10. Lack of transparency and public involvement in implementation
The data gathering, analysis, and decisions about whether or not to cleanup groundwater and protect public water supplies are made by private LSRP.
These decisions have significant impacts not only on health and the environment, but on the value and ability to develop nearby properties. The presence of groundwater contamination makes water supply wells impossible and can effectively condemn properly or strictly limit the ability to develop it or the intensity and type of development.
If government regulations or local zoning did this, it would be attacked by business groups and land owners are a “taking”.
There is no involvement and no review by the public, local government, or impacted nearby property owners. The TI decisions are made by LSRP’s in the dark.
11. The TI is an end run around existing law and regulation for classification of aquifers and site specific relief
The TI Guidance represents an ill advised reversal of longstanding policy on groundwater as public water supply
Groundwater in NJ has long been defined as a public resource and strictly regulated as a public water supply.
But, the law and DEP regulations have allowed site specific exemptions to this policy, if scientifically justified and done with full transparency and public participation.
The mechanism for site specific relief from strict application of groundwater cleanup standards is to reclassify the groundwater as non-potable, i.e. a Class II-B aquifer.
The TI Guidance amounts to an end run around the strict scientific standards and transparency requirements for aquifer reclassification.
12. Misleading to present as consistent with USEPA Superfund program Guidance
DEP states that the TI Guidance is based upon federal US EPA Superfund “Technical Impraticability Waiver Guidance” (it is interesting to note that EPA calls it what it is: a WAIVER – but DEP lies and calls is Guidance). By doing this, DEP implies that the NJ TI Guidance is as protective as the federal Guidance.
But this is highly misleading because the EPA TI Waiver is issued by EPA staff and part of an open and transpsrecnt public process in the Superfund program. All technical judgements, policy calls, and final decisions ae made by EPA and subject to public review.
In contrast, the NJ DEP TI Guidance is administered by private lSRP’s with little NJ DEP oversight. There is no transparency, no public involvement, and no oversight. This is a recipe for disaster (or should I echo that famous Presidential debate line about “that giant sucking sound” on loss of jobs due to NAFTA).
13. Wrong Approach to Groundwater
Groundwater is our current and future water supply and it is linked to and has impacts on the quality of surface water and ecosystems.
It must be careful managed and strictly regulated by a public agency like DEP through open, participatory, and science based planning and regulatory processes.
The SRRA and now this DEP TI Guidance abdicate that DEP responsibility and give private corporate entities effective control over the quality of our groundwater and drinking water supplies.

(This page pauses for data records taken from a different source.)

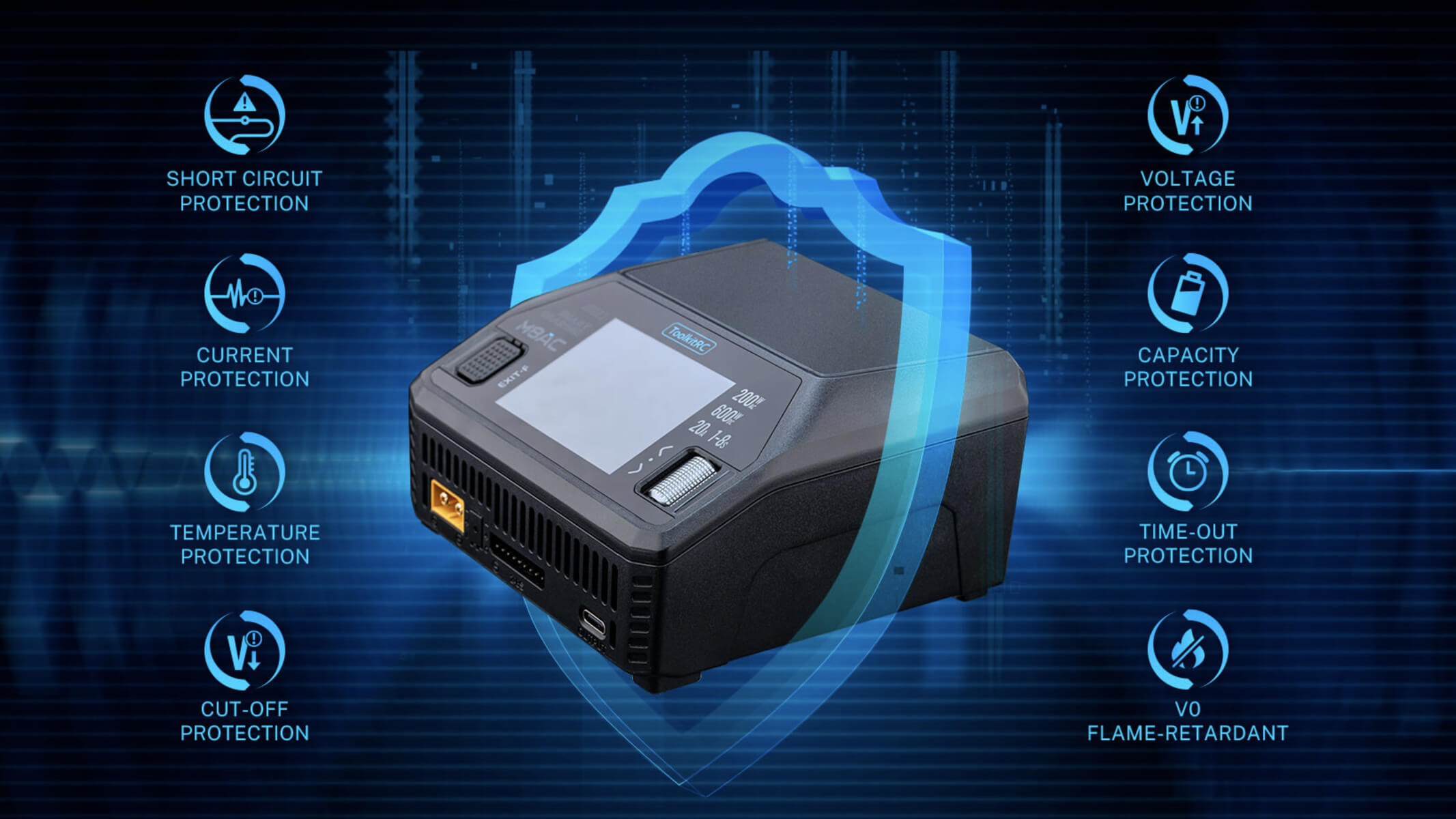Зарядний пристрій оснащений багаторівневою системою захистів, які контролюють процес зарядки та розрядки на апаратному і програмному рівнях. Це гарантує стабільну роботу пристрою навіть у стресових умовах і продовжує ресурс акумуляторів. Інтелектуальний моніторинг температури в режимі реального часу запобігає перегріву як самого зарядного, так і підключених батарей. При досягненні критичних показників система автоматично знижує навантаження або відключає канал. Захист від перенапруги та перевищення струму забезпечує безпечну роботу з різними хімічними типами акумуляторів, виключаючи ризик пошкодження елементів. Пристрій також відслідковує баланс напруги між осередками з точністю до 0,001 В, що мінімізує ймовірність перезаряду або перерозряду окремих банок. Додатково реалізовано захисти від короткого замикання, зворотної полярності та нестабільного живлення, що особливо важливо у польових умовах при використанні зовнішніх джерел DC.
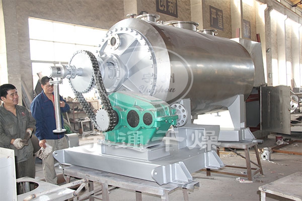 磷酸鐵鋰干燥工程之臥式攪拌真空干燥機是利用物料中的水份在真空狀態下沸點降低的特點來進行干燥的設備。
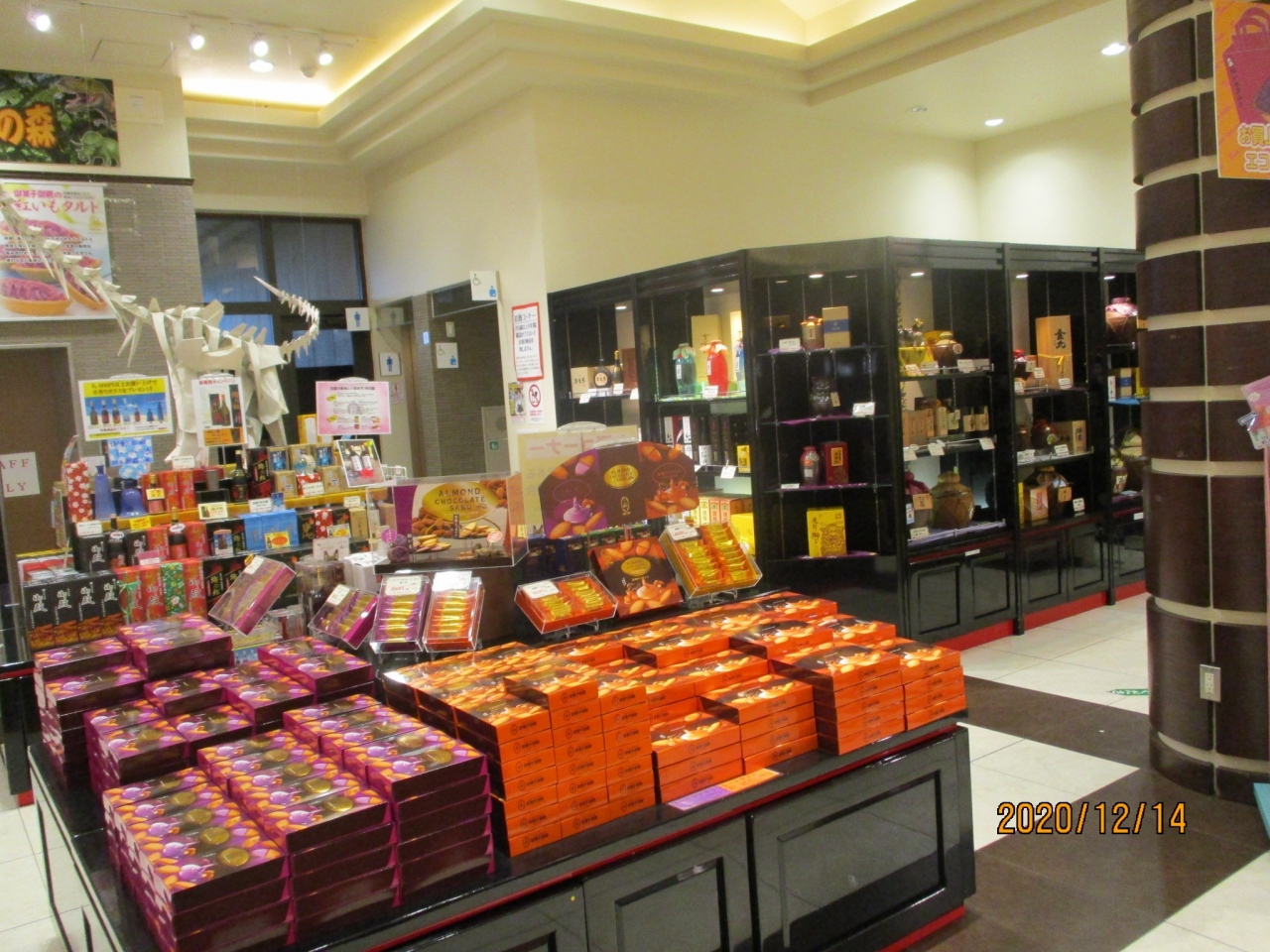 定期観光バス「美ら海号」で最後に下車したのが、このお菓子御殿です。ここは、沖縄銘菓の紅芋タルトを製造販売していますが、それ以外のお菓子も色々と扱っています。わりと広い店内がお菓子で満たされ、とても華やかな感じがしました。
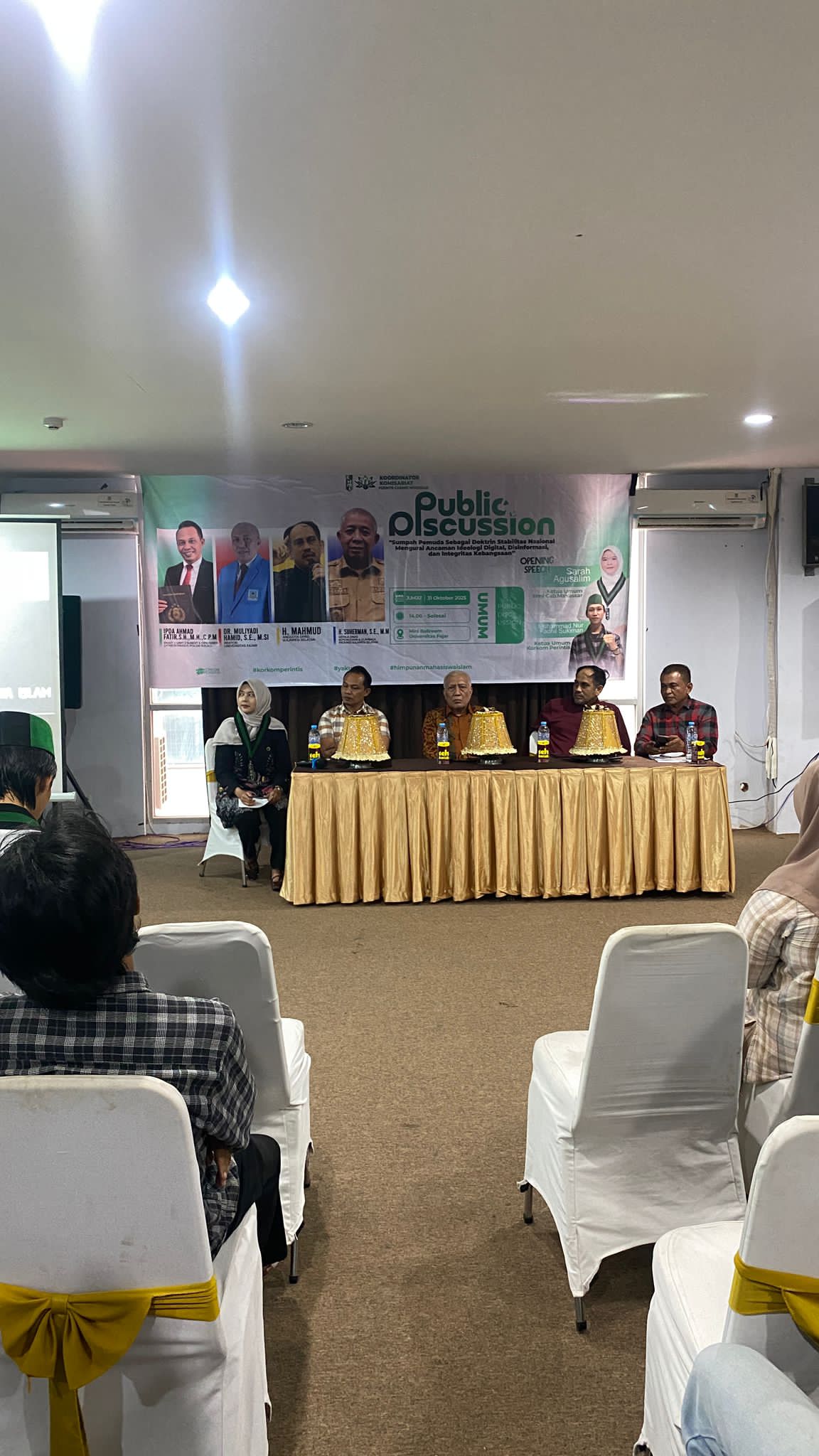 Diskusi Publik ini merupakan forum intelektual yang memberikan ruang bagi antar mahasiswa untuk berdiskusi dan bertukar pikiran mengenai isu-isu krusial dalam menuju Indonesia Emas. Diskusi ini diharapkan dapat membuka wawasan baru dan menumbuhkan semangat kritis di kalangan generasi muda untuk turut serta menjaga demokrasi yang sehat dan berkelanjutan.
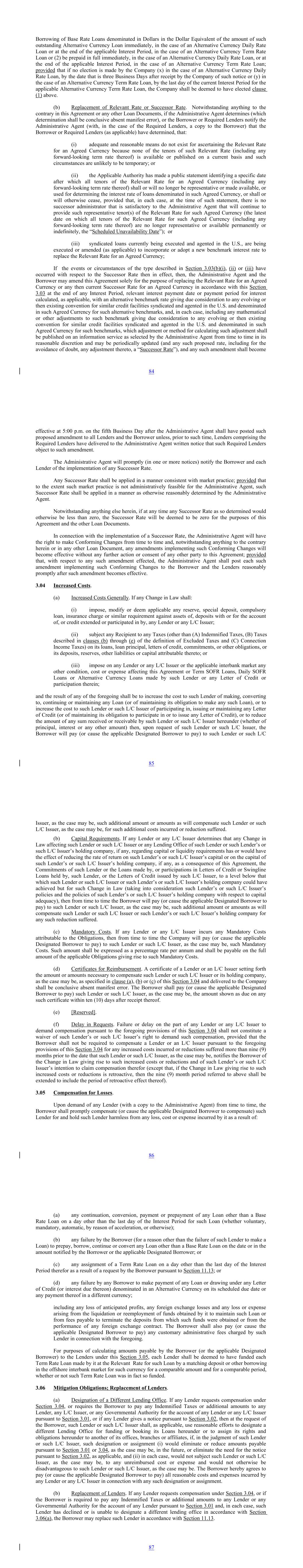 Borrowing of Base Rate Loans denominated in Dollars in the Dollar Equivalent of the amount of such outstanding Alternative Currency Loan immediately, in the case of an Alternative Currency Daily Rate Loan or at the end of the applicable Interest Period, in the case of an Alternative Currency Term Rate Loan or (2) be prepaid in full immediately, in the case of an Alternative Currency Daily Rate Loan, or at the end of the applicable Interest Period, in the case of an Alternative Currency Term Rate Loan; provided that if no election is made by the Company (x) in the case of an Alternative Currency Daily Rate Loan, by the date that is three Business Days after receipt by the Company of such notice or (y) in the case of an Alternative Currency Term Rate Loan, by the last day of the current Interest Period for the applicable Alternative Currency Term Rate Loan, the Company shall be deemed to have elected clause (1) above. (b) Replacement of Relevant Rate or Successor Rate. Notwithstanding anything to the contrary in this Agreement or any other Loan Documents, if the Administrative Agent determines (which determination shall be conclusive absent manifest error), or the Borrower or Required Lenders notify the Administrative Agent (with, in the case of the Required Lenders, a copy to the Borrower) that the Borrower or Required Lenders (as applicable) have determined, that: (i) adequate and reasonable means do not exist for ascertaining the Relevant Rate for an Agreed Currency because none of the tenors of such Relevant Rate (including any forward-looking term rate thereof) is available or published on a current basis and such circumstances are unlikely to be temporary; or (ii) the Applicable Authority has made a public statement identifying a specific date after which all tenors of the Relevant Rate for an Agreed Currency (including any forward-looking term rate thereof) shall or will no longer be representative or made available, or used for determining the interest rate of loans denominated in such Agreed Currency, or shall or will otherwise cease, provided that, in each case, at the time of such statement, there is no successor administrator that is satisfactory to the Administrative Agent that will continue to provide such representative tenor(s) of the Relevant Rate for such Agreed Currency (the latest date on which all tenors of the Relevant Rate for such Agreed Currency (including any forward-looking term rate thereof) are no longer representative or available permanently or indefinitely, the “Scheduled Unavailability Date”); or (iii) syndicated loans currently being executed and agented in the U.S., are being executed or amended (as applicable) to incorporate or adopt a new benchmark interest rate to replace the Relevant Rate for an Agreed Currency; If the events or circumstances of the type described in Section 3.03(b)(i), (ii) or (iii) have occurred with respect to the Successor Rate then in effect, then, the Administrative Agent and the Borrower may amend this Agreement solely for the purpose of replacing the Relevant Rate for an Agreed Currency or any then current Successor Rate for an Agreed Currency in accordance with this Section 3.03 at the end of any Interest Period, relevant interest payment date or payment period for interest calculated, as applicable, with an alternative benchmark rate giving due consideration to any evolving or then existing convention for similar credit facilities syndicated and agented in the U.S. and denominated in such Agreed Currency for such alternative benchmarks, and, in each case, including any mathematical or other adjustments to such benchmark giving due consideration to any evolving or then existing convention for similar credit facilities syndicated and agented in the U.S. and denominated in such Agreed Currency for such benchmarks, which adjustment or method for calculating such adjustment shall be published on an information service as selected by the Administrative Agent from time to time in its reasonable discretion and may be periodically updated (and any such proposed rate, including for the avoidance of doubt, any adjustment thereto, a “Successor Rate”), and any such amendment shall become 84 effective at 5:00 p.m. on the fifth Business Day after the Administrative Agent shall have posted such proposed amendment to all Lenders and the Borrower unless, prior to such time, Lenders comprising the Required Lenders have delivered to the Administrative Agent written notice that such Required Lenders object to such amendment. The Administrative Agent will promptly (in one or more notices) notify the Borrower and each Lender of the implementation of any Successor Rate. Any Successor Rate shall be applied in a manner consistent with market practice; provided that to the extent such market practice is not administratively feasible for the Administrative Agent, such Successor Rate shall be applied in a manner as otherwise reasonably determined by the Administrative Agent. Notwithstanding anything else herein, if at any time any Successor Rate as so determined would otherwise be less than zero, the Successor Rate will be deemed to be zero for the purposes of this Agreement and the other Loan Documents. In connection with the implementation of a Successor Rate, the Administrative Agent will have the right to make Conforming Changes from time to time and, notwithstanding anything to the contrary herein or in any other Loan Document, any amendments implementing such Conforming Changes will become effective without any further action or consent of any other party to this Agreement; provided that, with respect to any such amendment effected, the Administrative Agent shall post each such amendment implementing such Conforming Changes to the Borrower and the Lenders reasonably promptly after such amendment becomes effective. 3.04 Increased Costs. (a) Increased Costs Generally. If any Change in Law shall: (i) impose, modify or deem applicable any rese
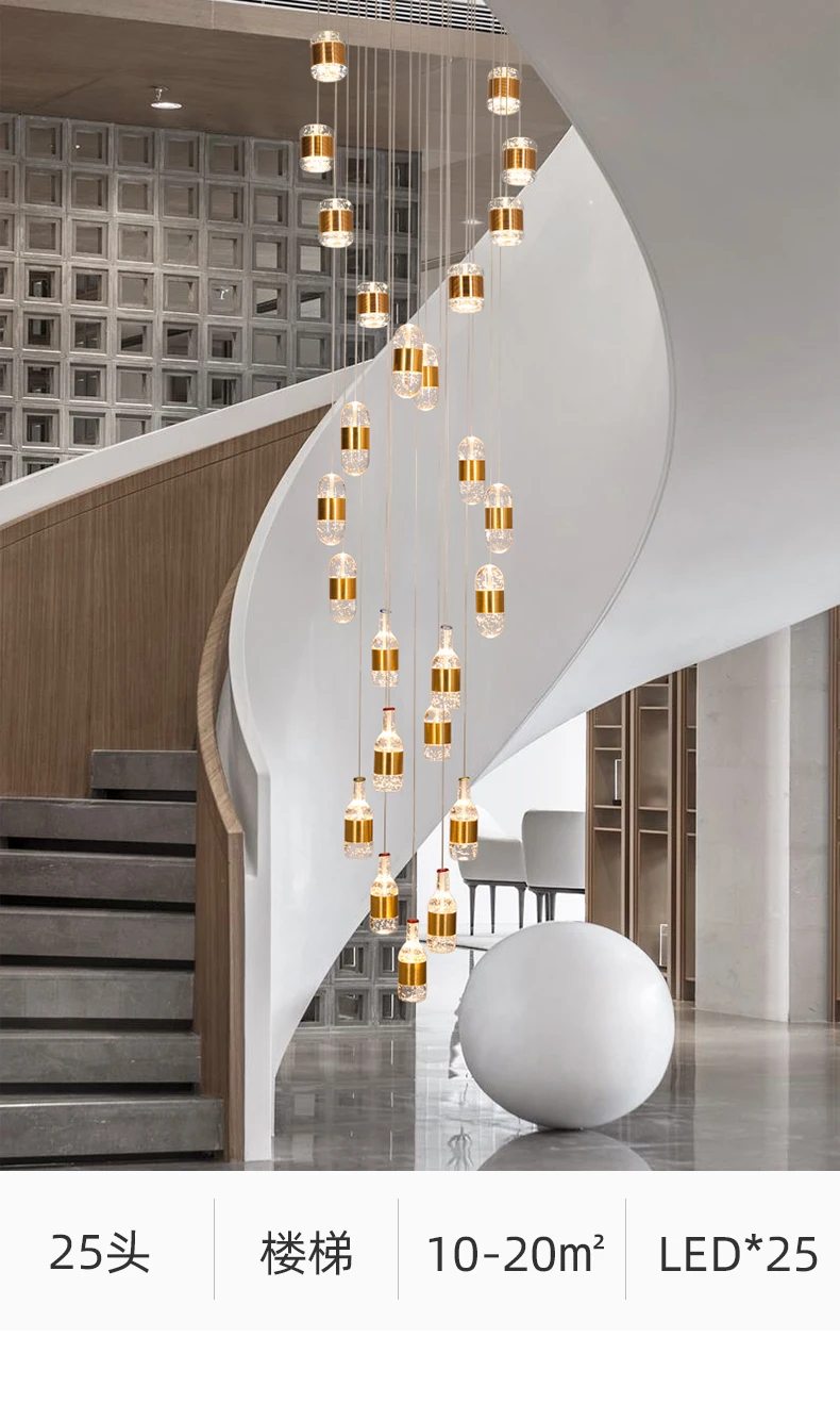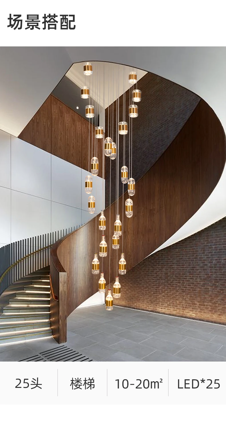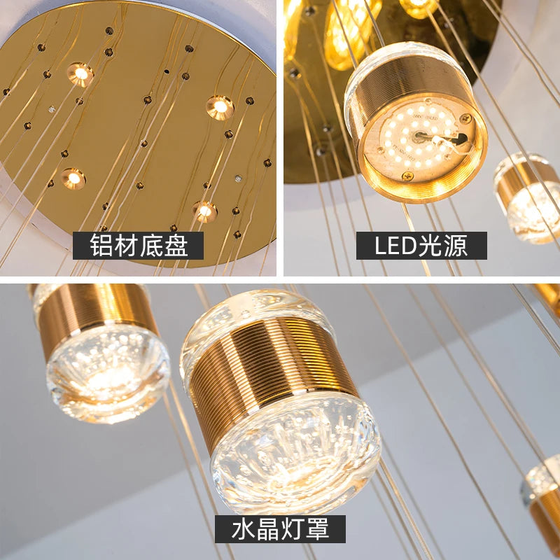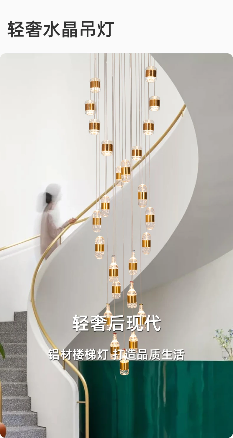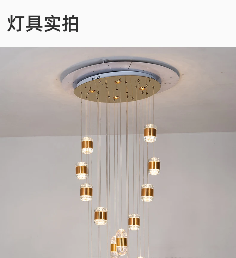 Postmodern minimalist light luxury villa duplex building chandelier Nordic crystal spiral staircase light

14. Ill advised reversal of longstanding policy on groundwater as public water supply
Groundwater in NJ has long been defined as a public resource and strictly regulated as a public water supply.
But, the law and DEP regulations have allowed site specific exemptions to this policy, if scientifically justified and done with full transparency and public participation.
The mechanism for site specific relief from strict application of groundwater cleanup standards is to reclassify the groundwater as non-potable, i.e. Class II-B aquifer.
The TI Guidance amounts to an end run around the strict scientific standards and transparency requirements for aquifer reclassification.